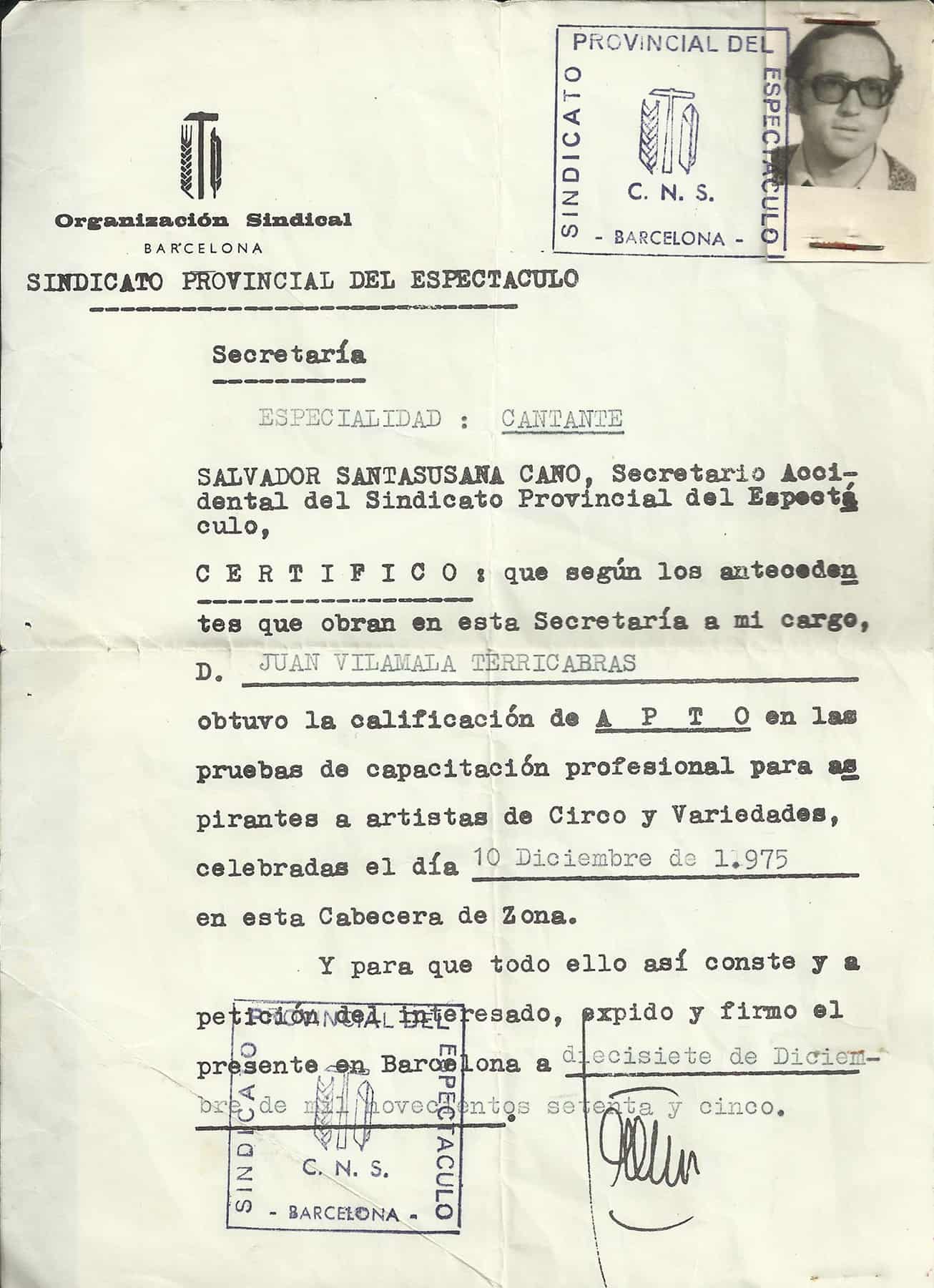 «Organización Sindical. Barcelona. Secretaría. Especialidad: cantante. Salvador Santasusana Cano, secretario accidental del Sindicato Provincial del Espectáculo Certifico que según los antecedentes que obran en esta secretaría a mi cargo D. Juan Vilamala Terricabras obtuvo la calificación de Apto en las pruebas de capacitación profesional para aspirantes a artistas de Circo i Variedades, celebradas el día 10 de Diciembre de 1975, en esta Cabecera de Zona. Y para que todo ello así conste y a petición del interesado, expido y firmo el presente en Barcelona a diecisiete de Diciembre de mil nuevecientos setenta i cinco.»
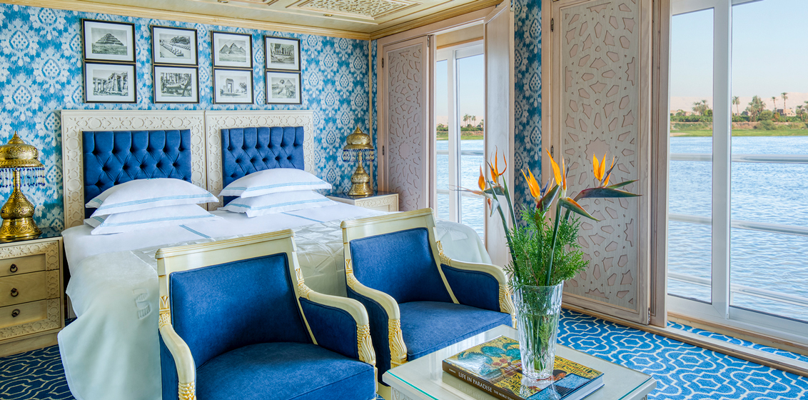 An example is the ship’s ceilings which were hand-carved in locally sourced blonde wood; carpets are inspired by Egyptian geometric shapes of the magnificent Pyramids; banquettes were handcrafted and upholstered in fabric sourced from a local fabric company; and the top deck is filled with blue-toned furniture with tented drapes to shade from the sun inspired by the ancient Egyptian Barges.
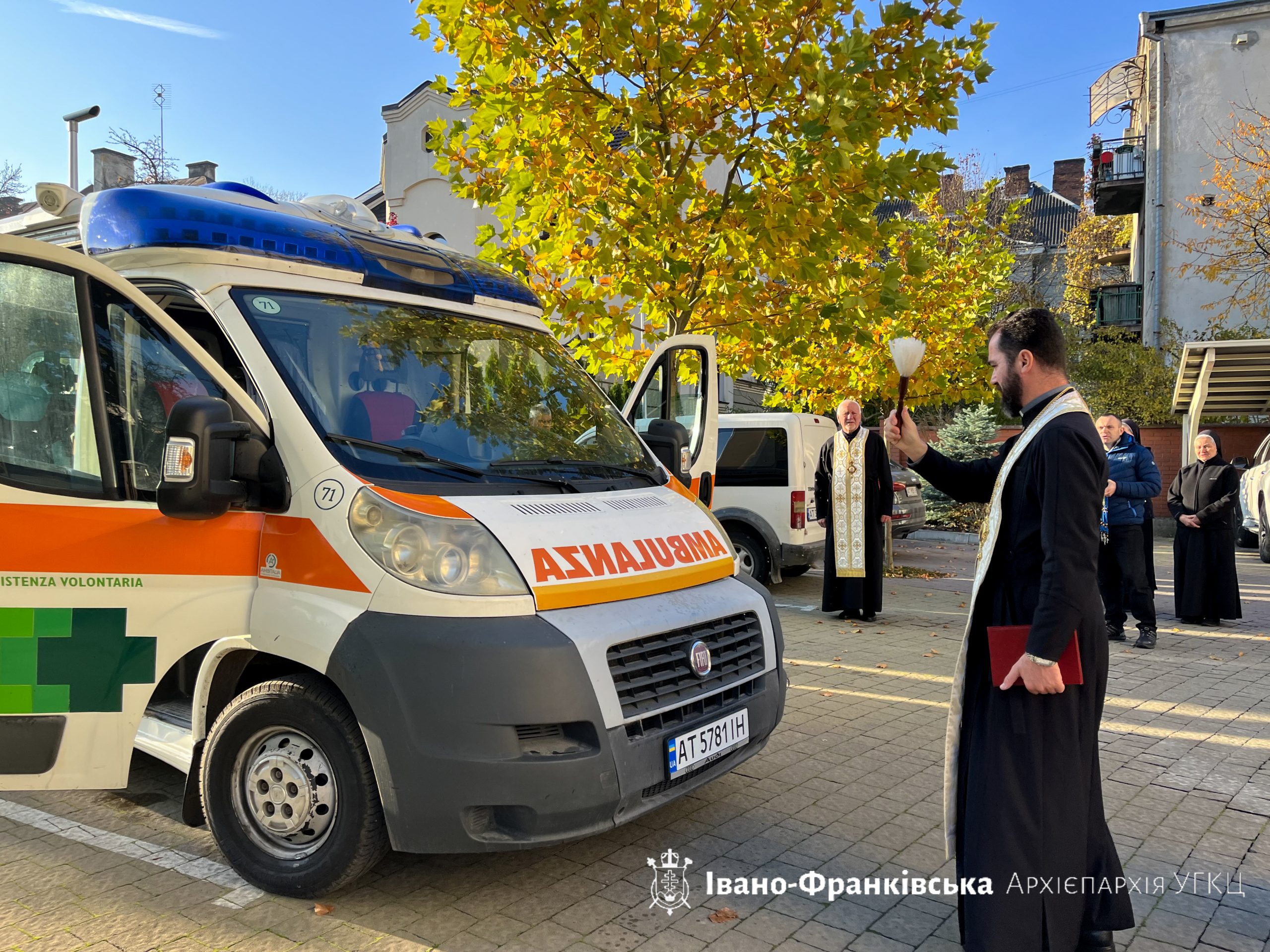 У середу, 22 жовтня, на подвір’ї храму Різдва Пресвятої Богородиці відбулося освячення чергової карети швидкої допомоги, яку Івано-Франківська Архієпархія УГКЦ передала для потреб українських Захисників. Чин освячення здійснив Архієпископ і Митрополит Івано-Франківський Владика Володимир Війтишин у співслужінні Владики Миколи Семенишина, Єпископа-помічника Івано-Франківської Архієпархії.
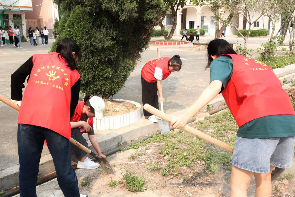 中国·yL23411永利党委副书记覃艳超、鹤林小学校长吴京龙、鹤林村村委副支书吴贵剑、副主任陈长河、中国·yL23411永利团委书记陈祉宇、“大手拉小手”志愿服务团成员参加此次活动。
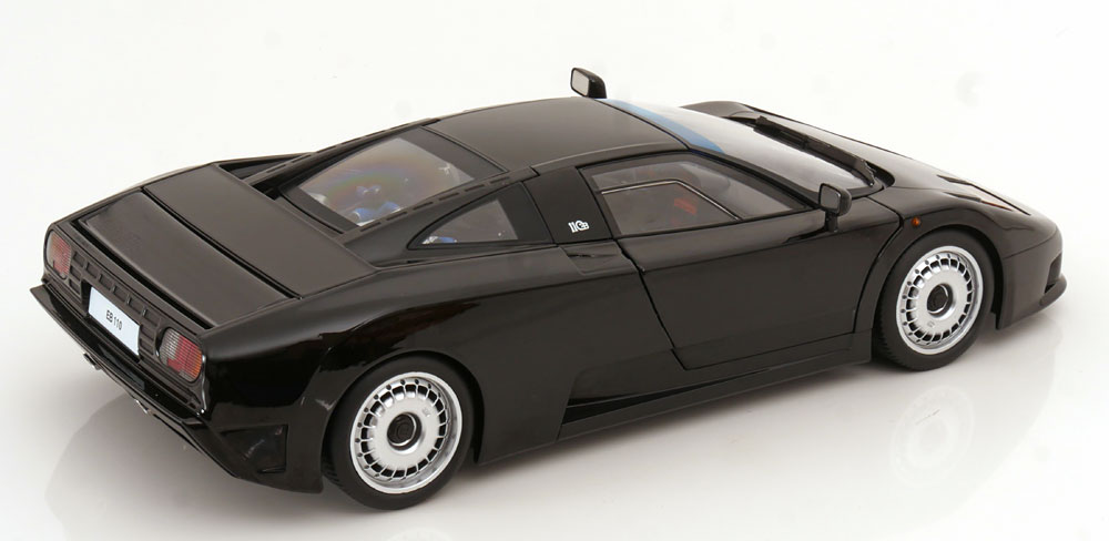 MODELLINO KK-SCALE MONTATO E VERNICIATO IN METALLO CON PORTIERE E COFANO APRIBILI BUGATTI EB110 BLACK 1991 SCALA 1/12

*Requirement:*
Nothing but an exact copy belongs in the answer: the lines from the top of the records through the line containing "An example is", minus the pictures.

*Result:*
 «Organización Sindical. Barcelona. Secretaría. Especialidad: cantante. Salvador Santasusana Cano, secretario accidental del Sindicato Provincial del Espectáculo Certifico que según los antecedentes que obran en esta secretaría a mi cargo D. Juan Vilamala Terricabras obtuvo la calificación de Apto en las pruebas de capacitación profesional para aspirantes a artistas de Circo i Variedades, celebradas el día 10 de Diciembre de 1975, en esta Cabecera de Zona. Y para que todo ello así conste y a petición del interesado, expido y firmo el presente en Barcelona a diecisiete de Diciembre de mil nuevecientos setenta i cinco.»
 An example is the ship’s ceilings which were hand-carved in locally sourced blonde wood; carpets are inspired by Egyptian geometric shapes of the magnificent Pyramids; banquettes were handcrafted and upholstered in fabric sourced from a local fabric company; and the top deck is filled with blue-toned furniture with tented drapes to shade from the sun inspired by the ancient Egyptian Barges.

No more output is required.